What the task requires —
Pictures stay out of the copy. Repeat exactly the lines from the first entry below through the line that contains "意味不明あだ名 | 『住所不定無職ななえだしょう(12歳)』 |", and nothing beyond.

Top of Data

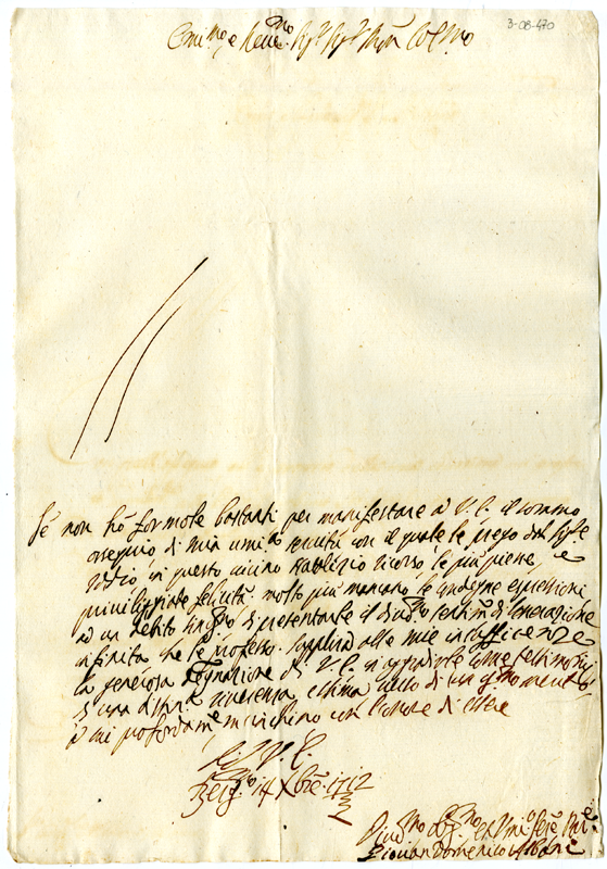 Lettera di Giovan Domenico Albani al cardinale Annibale Albani (1712 dicembre 14)
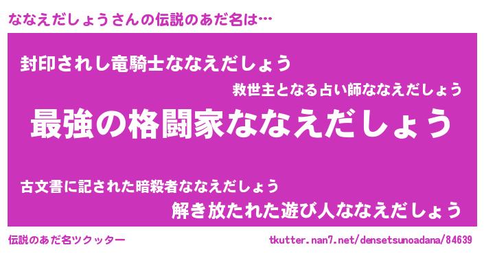 | 意味不明あだ名 | 『住所不定無職ななえだしょう(12歳)』 |
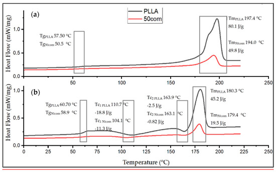 The Tm drops between the first and the second heating for both PLLA sample and the composites. The 25com composite has a Tm close to the pure PLLA sample. For a composite with a high content of HAP NPs, i.e., 50com and 75com, the melting temperature (Tm) drops to 194 °C during the first heating (for pure PLLA sample it is 197.4 °C). Tm after second heating is almost the same for all samples. Figure 8 shows the comparison of the curves for PLLA sample and 50com samples after the first and second heating. The temperature shifts of Tg, Tc, and Tm, as well as the enthalpy value, change. Changes in the area under the Tm and Tc peaks can be observed; as the amount of HAP NPs increases, the enthalpies of melting and crystallization decrease.
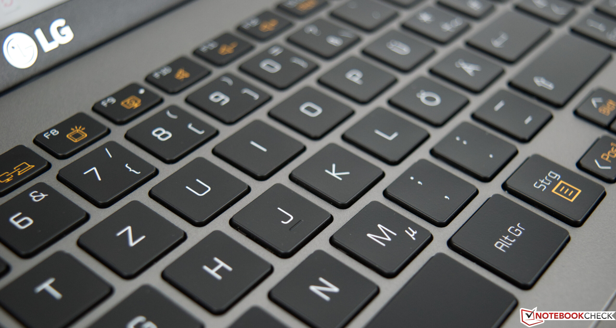 Da es das LG Gram 15 nun auch ohne Umwege in Deutschland und Österreich zu kaufen gibt, müssen die Nutzer nicht mehr mit dem QWERTY-Layout leben. Die Tasten sitzen fest an ihren Positionen und geben dem Anwender beim Tippen ein gutes Feedback. Der geringe Hub wird von einem nicht zu weichen Anschlag begleitet, der ein schwammiges Schreibgefühl verhindert. Die Tasten bieten eine gute Größe, wenngleich die Tasten des Nummernblockes bauartbedingt etwas geschrumpft sind. Eigenheiten, wie beim Vorgänger, sind weiterhin vorhanden und sorgen zu Beginn für etwas Eingewöhnung, um ein Vertippen zu vermeiden. Als Beispiel sei hier die linke Shift-Taste zu nennen, welche ohne Abstand direkt neben der [<>]-Taste platziert ist. Lobenswert ist die dezente weiße Hintergrundbeleuchtung, welche sich wahlweise in zwei Helligkeitsstufen einstellen lässt.
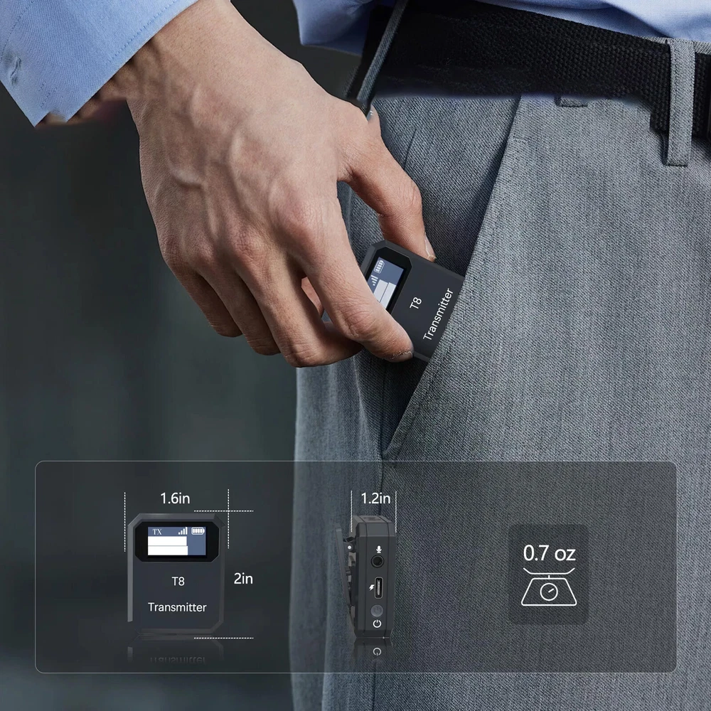 Description [Fearless 100ft Transmission Range]: State-of-the-art 2.4GHz technology provides a stable connection with high signal stability, low interference, and minimal audio delay. You can enjoy recording with a transmission range of up to 100ft in open, unobstructed environments, free from interference, and hassle-free with no cables. [One-Click Noise Reduction, 360° Sound Pickup]:This wireless mic has a built-in smart active noise canceling chip for clear recording in noisy environments.The audio algorithm intelligently captures the speaking voice for a clearer, more accurate, and more natural sound quality. [Internal and Lavalier Mic Versatility]:The T8 microphone provides the flexibility to use either the built-in microphone for convenience or connect an external Lavalier microphone for discreet and high-quality audio capture. Choose the best option to suit your specific recording needs. [Strong Compatibility, Connecting to All Your Devices]:The lapel microphone wireless works seamlessly with smartphones, cameras, tablets, computers, and PCs. (Note: The package includes a USB-C cable, a 3.5mm TRS-to-TRS cable, and a 3.5mm TRS-to-TRRS cable.) [Portable Mini Wireless Microphones]:The wireless lavalier microphone features a button-sized design that's ultra-lightweight and compact. Weighing only 20 grams (0.71 ounces), you won't even feel the wireless microphone when it's attached to your clothing. It's securely fastened, so you don't have to worry about it sagging due to its weight or slipping off when you walk. This wireless lapel microphone is easy to carry and compact, which brings great convenience for outdoor recording work. Ideal for filmmakers, interviews, video blogs and podcasts. Friendly Tips: 1.Due to the light and screen difference, the item's color maybe slightly different from the pictures. Please understand. 2.Please allow 1-2cm differences because of the manual measurement. Payment 1. We only accept payment through Payoneer. 2. Please make sure you have a valid account prior bidding. 3. Please pay for your item within 7 days after you order. Shipping 1. Buyer take responsibility in import / tax cost (not included in item price) 2. Pls contact with us to confirm extra cost if you need to upgrade the shipping option 3. If there's any concern about shipping, pls contact with us for further confirmation Return Policy 1. Refund or Replacement request is available within 30 days after parcel received and returning the item as the same condition as received. Please contact us to request a return authorization. Your name, auction number, and reason for return should be included in the message. 2. All items returned must contain all original packaging materials. Please repack the item carefully. Items returned will be tested and a new replacement will be shipping to buyer punctually. 3. In the event that a suitable replacement is not available then a refund will be issued. Shipping, handling and insurance fees are non-refundable. 4.If the item was found non-defective, the item will be sent back to buyer at buyer's expense. Items returned without authorization will be refused and returned to sender/buyer. 5. Buyer pay the shipping cost if the item damaged artificially, or buyer say "not like it", "size/color was different per they imaginary", etc. Contact us Please contact us via ebay message any time, all questions will be replied within 12 working hours. Customer Support Online : 9:00am - 22:00pm (GMT +8) Everyday
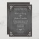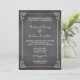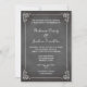 Sorprenda a sus huéspedes con estas invitaciones elegantes y románticas del boda. Las características del diseño un fondo de la pizarra con el texto fijado en tiza tienen gusto de las letras del estilo. La voluta del estilo del vintage adorna elegante cada esquina. Substituya simplemente el texto de la muestra por su información del boda. El dulce, simple con una indirecta de la moda nostálgica, esta estilo de la pizarra invita hará su boda de moda y memorable.
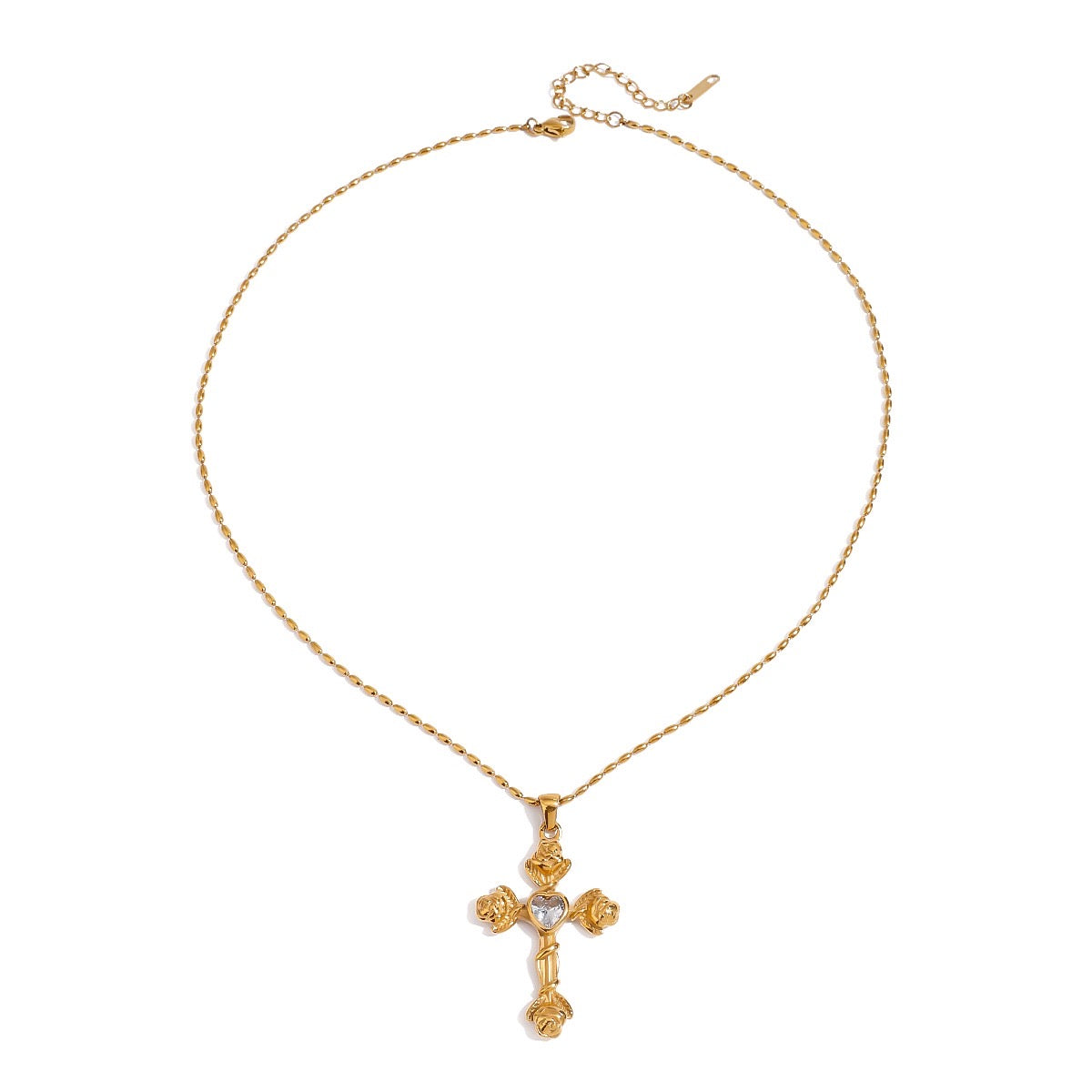 A delicate cross wrapped in rose details — subtle and made to stand out.🤍

Bottom of Data

Exercise result —
 Lettera di Giovan Domenico Albani al cardinale Annibale Albani (1712 dicembre 14)
 | 意味不明あだ名 | 『住所不定無職ななえだしょう(12歳)』 |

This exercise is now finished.